At that cry of grief the two who have lingered at the door spring into the room. Mr. Sharpe, the detective, and Colonel Lockhart.

It is Mr. Sharpe who recoils from the sight of the two dead bodies, and the still sadder sight of the living madwoman, crooning her senseless songs, and counting her jewels in a distant corner.

Colonel Lockhart has no eyes for these. At one bound he is by the bedside where the missing countess lies cold and white and still in all her beauty.

"Oh, Vera, my love, my darling, have I found you only for this?" he groans, taking the slight form into his arms, pressing it to his aching heart, and lavishing passionate kisses on the cold, white lips.

But as if his love had power to call her back to life, Lady Vera sighs faintly and opens her eyes, heavily at first then with a flash of wondrous brightness in them as she recognizes her lover.

"Oh, Philip, is it you?" she sighs with ineffable content, nestling closer in his strong loving clasp. "I thought I was dying, but your voice has called me back from the world of shadows. I cannot die, now that you have come for me. Am I safe at last, Philip?"

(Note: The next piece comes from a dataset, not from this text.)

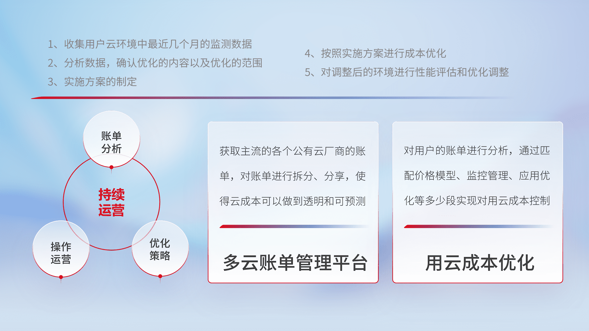 通过多云纳管,,,以统一的资源数据模型把客户的云资源进行抽象和封装,,进而实现对多云资源的统一操作,,保障云资源管理的可靠性、、稳定性与可用性。。。。量身定制化运维内容,,,,配置、、、、开发运维、、、、补丁管理、、、备份、、、监控、、认证和访问管理、、、、审计和日常巡检等,,,,保障在用云过程中的可靠度,,,稳定度以及高可用率。。。

"You are safe at last, my darling," he answers, solemnly, and glancing behind him with a slight shudder. "A terrible retribution has overtaken your enemies."

"I know," she answers, shuddering. "Is it not fearful, Philip? But oh, tell me," she continues, pleadingly, "am I responsible for the terrible ending of these selfish lives?"

"No, Vera. They were wicked people whose sins wrought out their own retribution. No blame can attach to you, darling," he answers, decisively.

"Do you really know this lady, sir?" inquires poor Betsy Robson, touching him timidly on the arm.

"Yes," he answers, looking round at her. "She is the Countess of Fairvale, my betrothed wife, whom Leslie Noble abducted from her home."

"Oh, me, and I thought she was Mr. Noble's crazy wife. He said so," cries Mrs. Robson, dissolved in penitent tears. "Oh, my lady, can you ever forgive me for not listening to your true story?"

"Freely, my poor creature, since you were always kind to me," Lady Vera answers, moved to greatest compassion by the woman's humble penitence.

Then, with something of a shudder, Lady Vera turns back to her lover.

"It seems a dreadful thing to do, but you must search Mr. Noble's person," she says. "He had the stolen memorandum-book."

"My lady, I have already taken the liberty of doing as you suggest," Mr. Sharpe answers, respectfully, advancing with the gold-clasped book in his hand.

She takes it from him with a subdued cry of joy.

"And now, Vera, when will you feel able to leave this dreadful place?" inquires Colonel Lockhart.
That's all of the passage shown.